* [Exercise details] Apart from the pictures, the listing is to be returned exactly.

* [Information supplied]
* * *

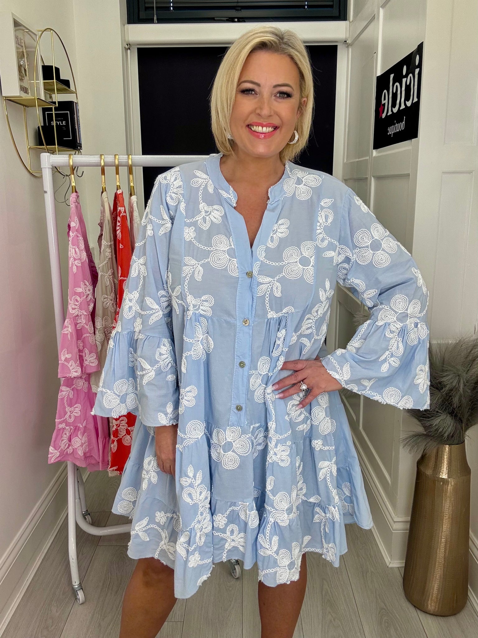 Gorgeous embroidered cotton swing dress.
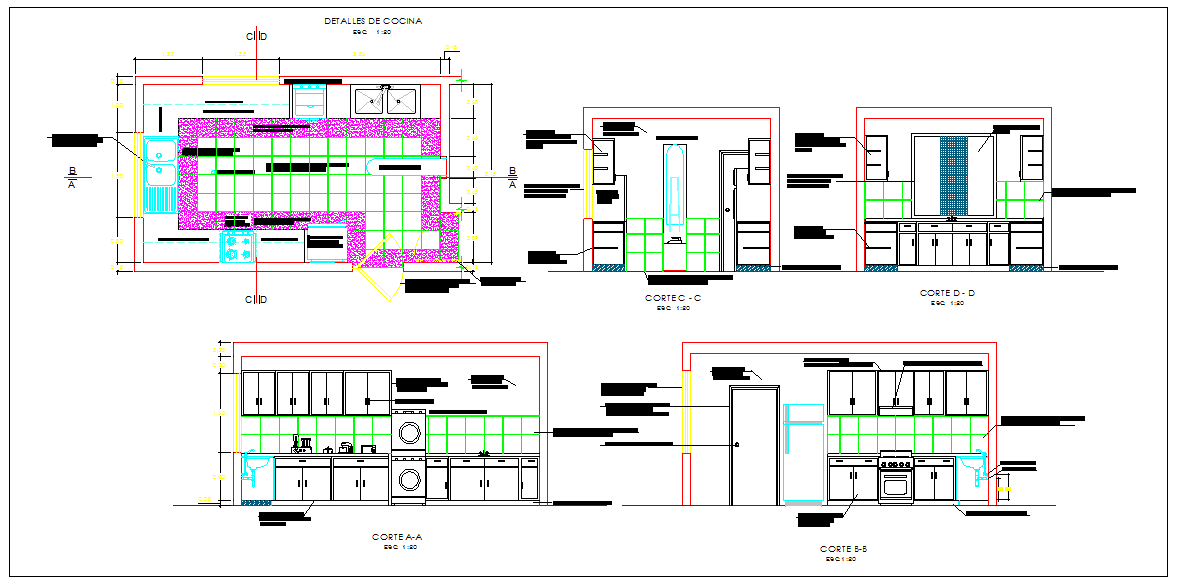 Home Kitchen DWG file. Modern interior design of kitchen including the cabinet design, wall and all side elevation plan for the perfect kitchen interior design.
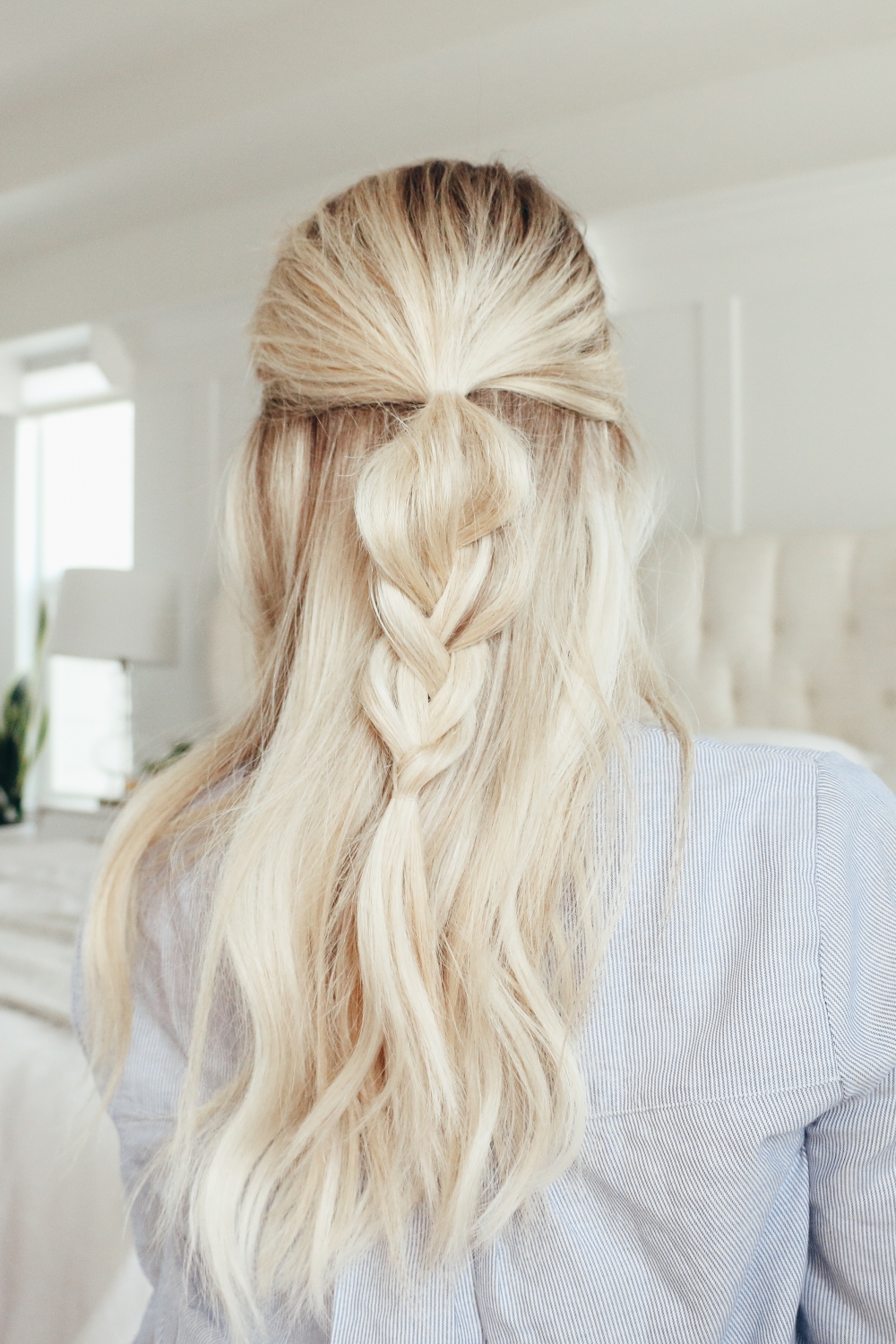 Then we’ve got a super easy half-up braid. This is one of those great hairstyles to wear when your trying to avoid heat but can salvage a few left over curls from the day before. Or for when you need your hair pulled out of your face but want a little extra glam.

* * *

* [Response to the task]
 Gorgeous embroidered cotton swing dress.
 Home Kitchen DWG file. Modern interior design of kitchen including the cabinet design, wall and all side elevation plan for the perfect kitchen interior design.
 Then we’ve got a super easy half-up braid. This is one of those great hairstyles to wear when your trying to avoid heat but can salvage a few left over curls from the day before. Or for when you need your hair pulled out of your face but want a little extra glam.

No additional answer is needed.